Nonobstant, la légitimité de Marine Le Pen semble ne faire aucun doute auprès des ses fidèles : ils sont 86% à souhaiter que celle-ci soit candidate à la prochaine élection présidentielle de 2022 (contre 28% pour l’ensemble des Français).

Un niveau d’adhésion aux idées du Front National qui baisse et revient à son niveau d’avant 2012

Dans ce contexte, le niveau d’adhésion global des Français à ses idées recule fortement cette année mettant ainsi fin à une progression observée depuis l’élection de Marine Le Pen à sa tête en 2011 : ils sont désormais 24% à se déclarer d’accord avec les idées défendues par le Front National, soit une baisse de 9 points en un an.

L'enfermement « tribunicien » du Front National

Les Français sont moins nombreux, cette année, à considérer le Front National comme un parti ayant la capacité de participer à un Gouvernement (28%, - 10) et plus nombreux, à l’inverse, à penser qu’il s’agit seulement d’un parti rassemblant les votes d’opposition (62%). Une tendance également observable auprès des sympathisants FN qui sont 18% (+10) à le voir de cette manière, même si plus de 3 sympathisants Front National sur 4 (77%, -13)  continuent à le percevoir comme un parti de gouvernement.

Un changement de nom approuvé par les sympathisants frontistes

Alors qu’il s’agira aussi de l’un des enjeux du congrès, une majorité (59%) de sympathisants frontistes se dit favorable à un changement du nom du parti d’extrême-droite contre 27% qui y sont opposés.
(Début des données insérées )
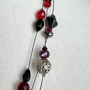 - 3 strand necklace with red, burgundy, black and silver tone beads

Les Français dans leur ensemble semblent, eux, se désintéresser du sujet : ils sont 47% à ne pas exprimer d’opinion. 

Des Français et (encore plus) des sympathisants LR opposés à toute alliance électorale pour les prochaines élections européennes

L’accès au pouvoir du Front National dépendra aussi de sa capacité à élargir son socle électoral ce qui pose la question (fondamentale) des alliances électorales dans un contexte où 27% (-1) des Français considèrent qu’il faut le combattre, 27% (+4) qu’il faut refuser tout accord politique avec lui contre 22 % (-1) qui considèrent qu’il faudrait faire des alliances électorales avec lui selon les circonstances et 9% (-2) qu’il faudrait le traiter désormais comme un allié en passant avec lui une alliance électorale globale.
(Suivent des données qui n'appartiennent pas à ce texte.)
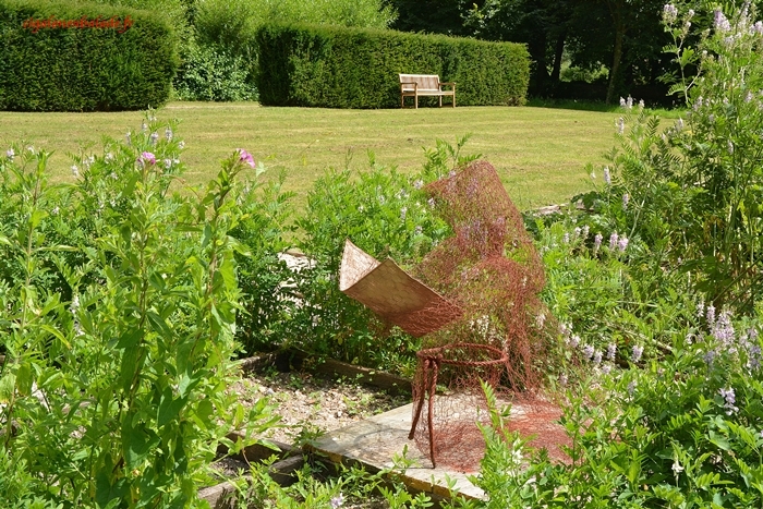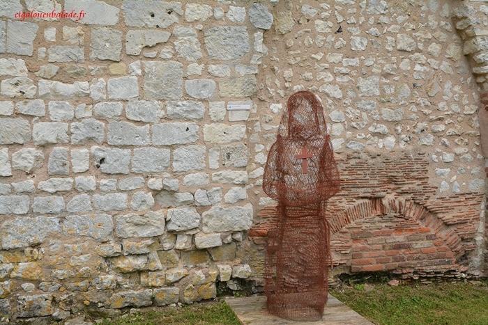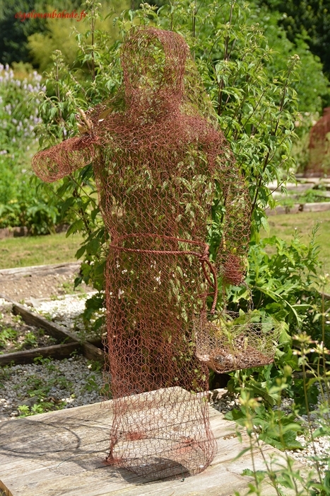 Des sculptures en treillis disséminées un peu partout autour de l’abbaye figurent les moines en activité.

Ainsi, les Français dans leur ensemble (64%) et de manière encore plus prononcée les sympathisants LR (70%) se déclarent opposés à un accord électoral entre Les Républicains et le Front National dans la perspective des élections européennes de 2019, quand 7 sympathisants frontistes (71%) sur 10 y sont favorables. 
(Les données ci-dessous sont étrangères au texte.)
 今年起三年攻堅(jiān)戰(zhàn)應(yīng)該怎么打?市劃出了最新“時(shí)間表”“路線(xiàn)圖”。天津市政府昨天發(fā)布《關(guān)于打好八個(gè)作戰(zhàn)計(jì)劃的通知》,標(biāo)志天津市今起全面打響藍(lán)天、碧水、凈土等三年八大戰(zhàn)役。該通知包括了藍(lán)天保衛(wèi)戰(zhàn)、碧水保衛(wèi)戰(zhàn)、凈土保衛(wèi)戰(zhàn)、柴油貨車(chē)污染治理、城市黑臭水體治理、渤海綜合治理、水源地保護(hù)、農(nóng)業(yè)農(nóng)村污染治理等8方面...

Voir l'ensemble des résultats ci-dessous : 

Source : Kantar Public

Notes de la rédaction

Étude Kantar Sofres-onepoint réalisée en face à face, du 22 au 26 février 2018, pour Le MondeFrance Info, LCP et Public Sénat auprès d'un échantillon de 1000 personnes représentatif de la population âgée de 18 ans et plus. Méthode des quotas (sexe, âge, profession de la personne de référence) et startification par région et catégorie d'agglomération.